Material provided:
▬▬▬▬▬▬▬▬▬▬

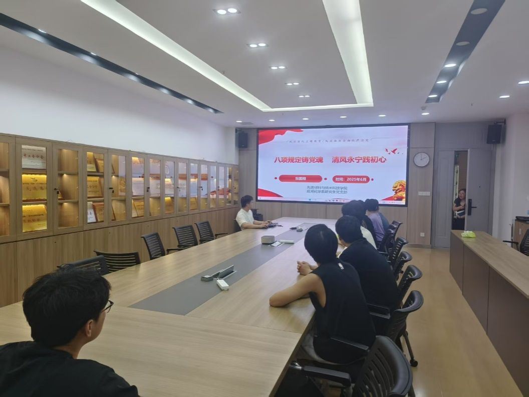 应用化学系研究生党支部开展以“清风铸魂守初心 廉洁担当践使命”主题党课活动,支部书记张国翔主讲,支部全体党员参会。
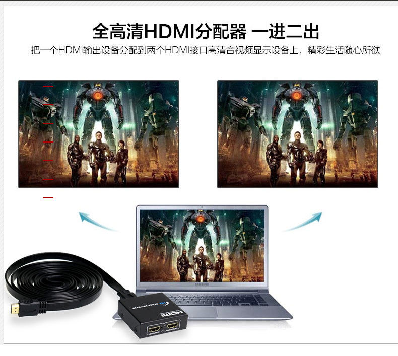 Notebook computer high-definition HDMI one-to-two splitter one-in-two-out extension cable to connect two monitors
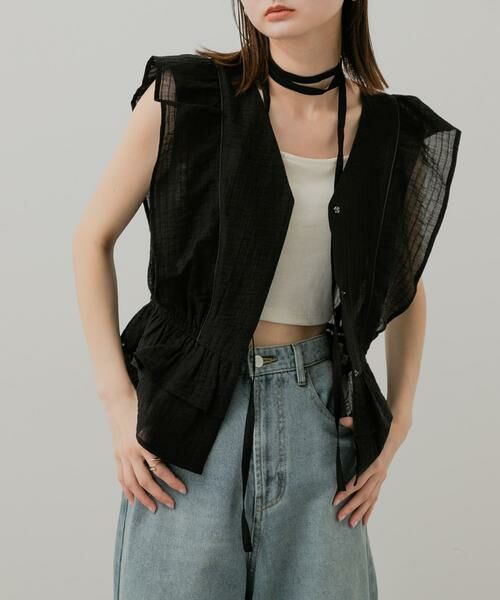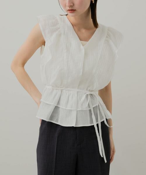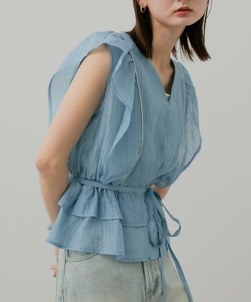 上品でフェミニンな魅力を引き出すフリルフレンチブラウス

▬▬▬▬▬▬▬▬▬▬

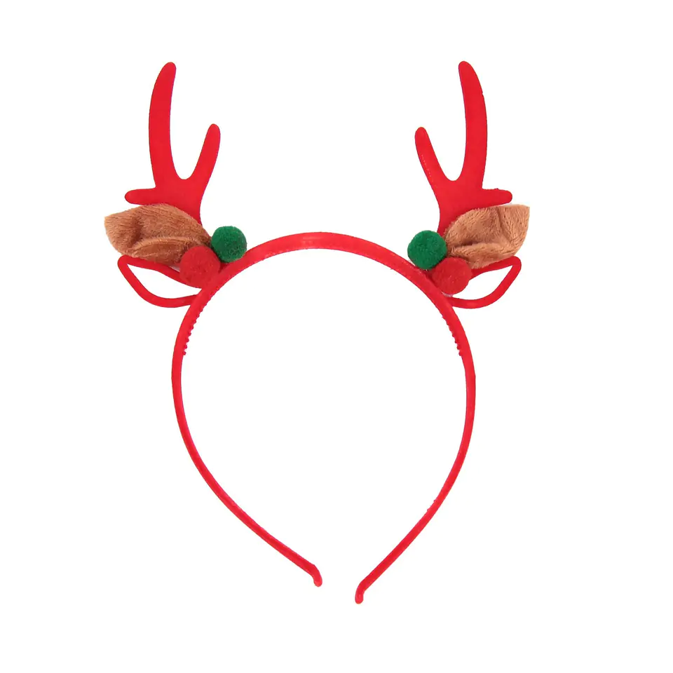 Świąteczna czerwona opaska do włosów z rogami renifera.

▬▬▬▬▬▬▬▬▬▬

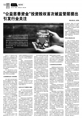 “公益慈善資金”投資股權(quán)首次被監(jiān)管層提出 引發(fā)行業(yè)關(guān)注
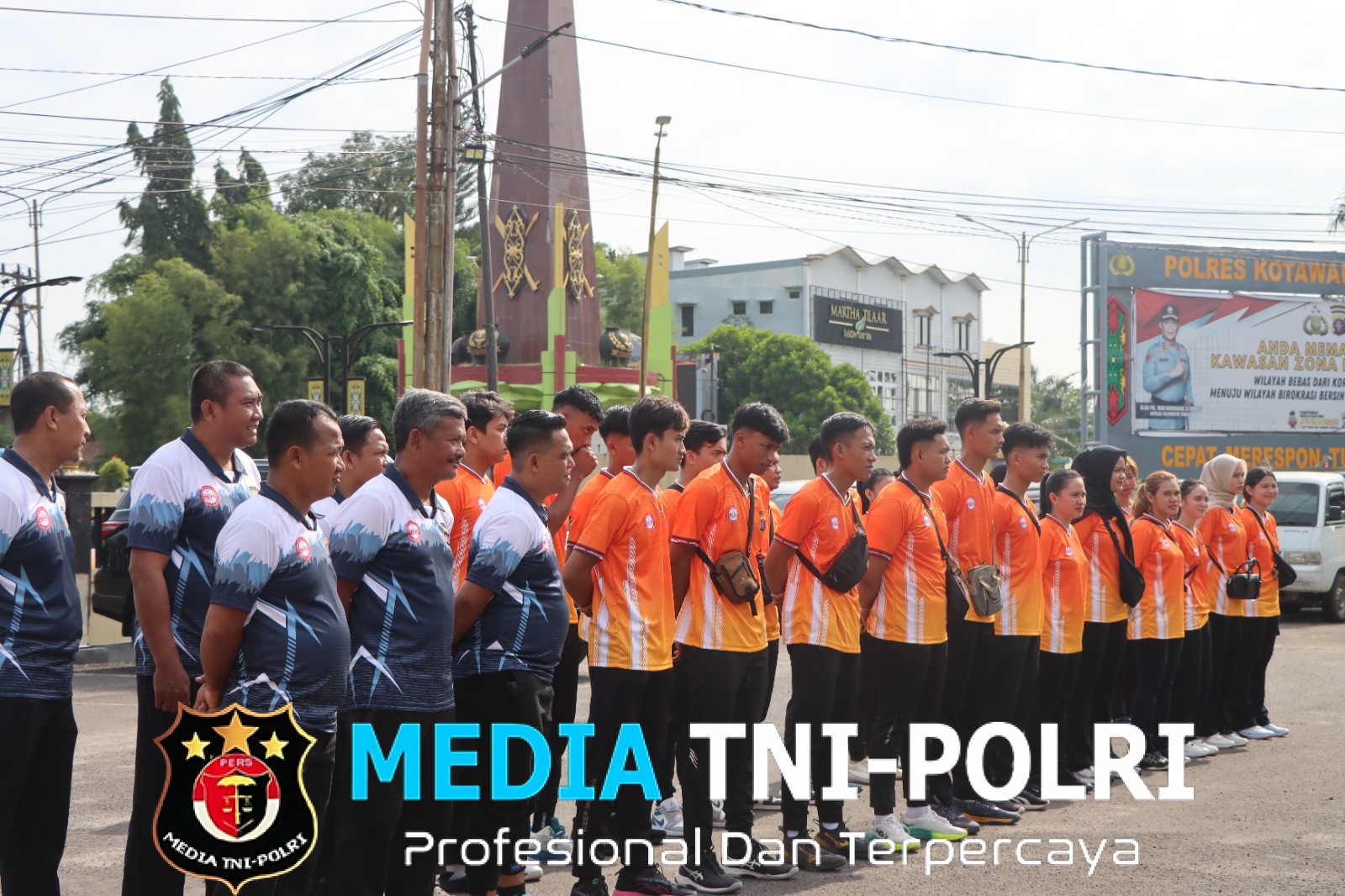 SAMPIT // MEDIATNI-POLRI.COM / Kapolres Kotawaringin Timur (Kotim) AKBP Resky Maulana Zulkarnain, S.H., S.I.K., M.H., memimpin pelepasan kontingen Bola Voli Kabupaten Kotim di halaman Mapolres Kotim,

▬▬▬▬▬▬▬▬▬▬

Work required:
Could you transcribe exactly the entries above, but only the lines from the one with "应用化学系研究生党支部开展以" through the one with "上品でフェミニンな魅力を引き出すフリルフレンチブラウス", and without pictures?

Result for this task:
 应用化学系研究生党支部开展以“清风铸魂守初心 廉洁担当践使命”主题党课活动,支部书记张国翔主讲,支部全体党员参会。
 Notebook computer high-definition HDMI one-to-two splitter one-in-two-out extension cable to connect two monitors
 上品でフェミニンな魅力を引き出すフリルフレンチブラウス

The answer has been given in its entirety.